- _DESCRIPTION OF THE TASK_
Write out the lines below exactly, beginning at the one with "Слайд 3Многочисленный род" and stopping after the one with "SANYO & Jr."; the pictures are not copied.

- _THE DATA_
────────────────────
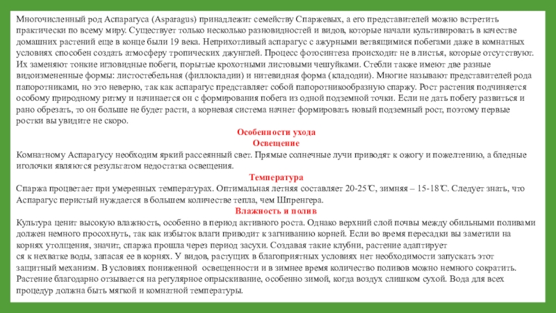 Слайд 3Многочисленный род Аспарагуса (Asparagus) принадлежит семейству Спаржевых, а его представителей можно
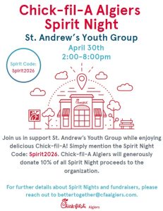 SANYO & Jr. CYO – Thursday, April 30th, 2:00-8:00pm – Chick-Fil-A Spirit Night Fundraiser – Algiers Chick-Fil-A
────────────────────
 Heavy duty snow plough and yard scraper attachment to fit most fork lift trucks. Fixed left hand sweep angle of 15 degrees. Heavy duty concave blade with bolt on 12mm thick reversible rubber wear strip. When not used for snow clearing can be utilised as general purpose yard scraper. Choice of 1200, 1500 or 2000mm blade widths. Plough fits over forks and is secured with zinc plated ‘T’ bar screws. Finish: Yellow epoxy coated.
────────────────────
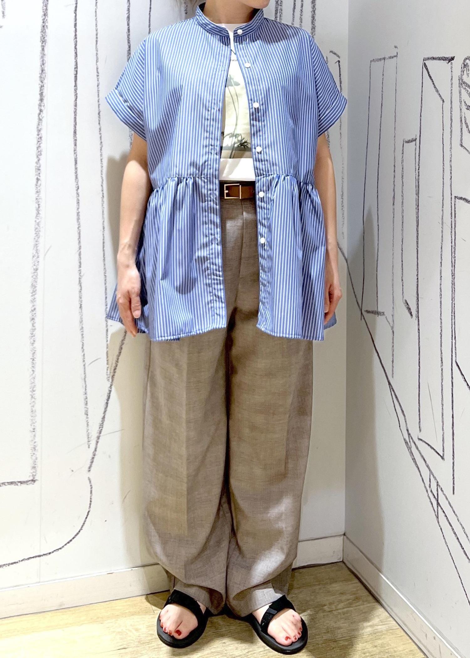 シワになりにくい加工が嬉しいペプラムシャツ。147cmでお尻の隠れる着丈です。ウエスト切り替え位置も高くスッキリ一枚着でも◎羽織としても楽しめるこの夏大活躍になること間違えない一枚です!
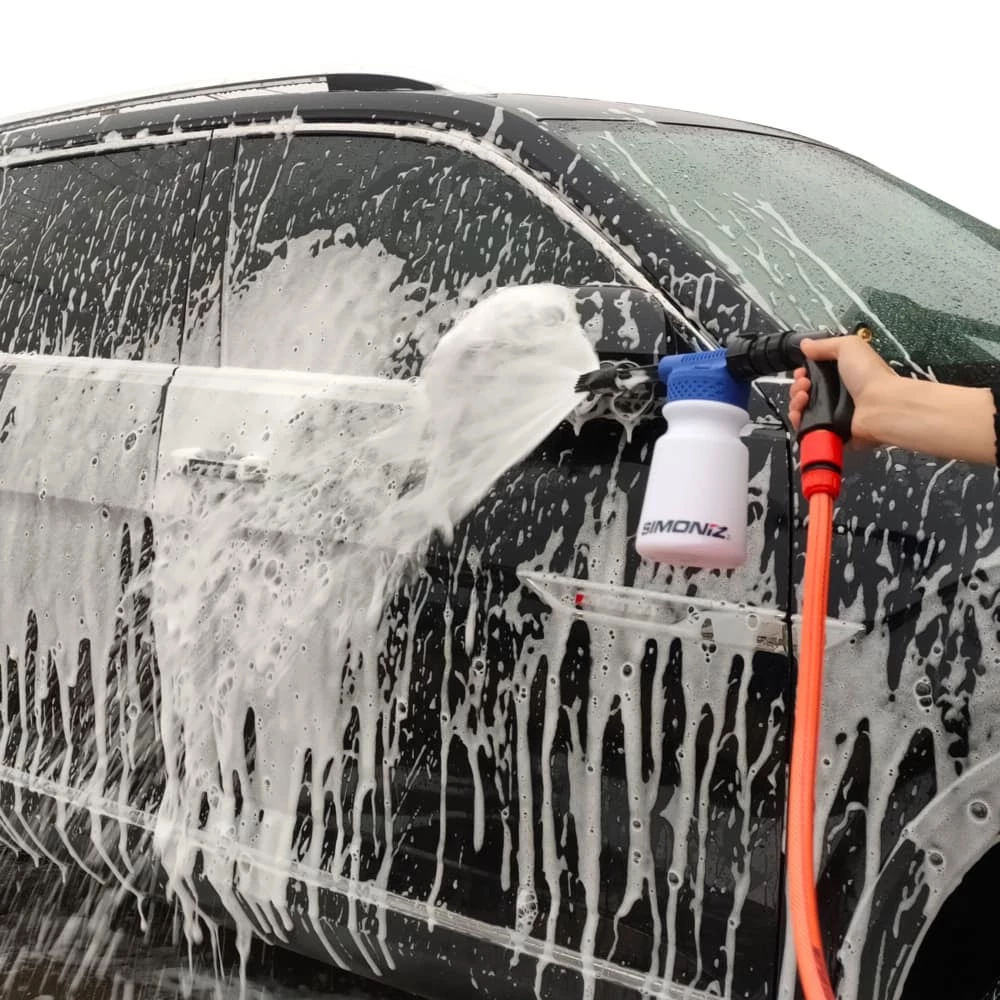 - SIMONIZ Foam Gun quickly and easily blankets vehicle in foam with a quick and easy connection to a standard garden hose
────────────────────
- _RESULT OF THE EXERCISE_
 Слайд 3Многочисленный род Аспарагуса (Asparagus) принадлежит семейству Спаржевых, а его представителей можно
 SANYO & Jr. CYO – Thursday, April 30th, 2:00-8:00pm – Chick-Fil-A Spirit Night Fundraiser – Algiers Chick-Fil-A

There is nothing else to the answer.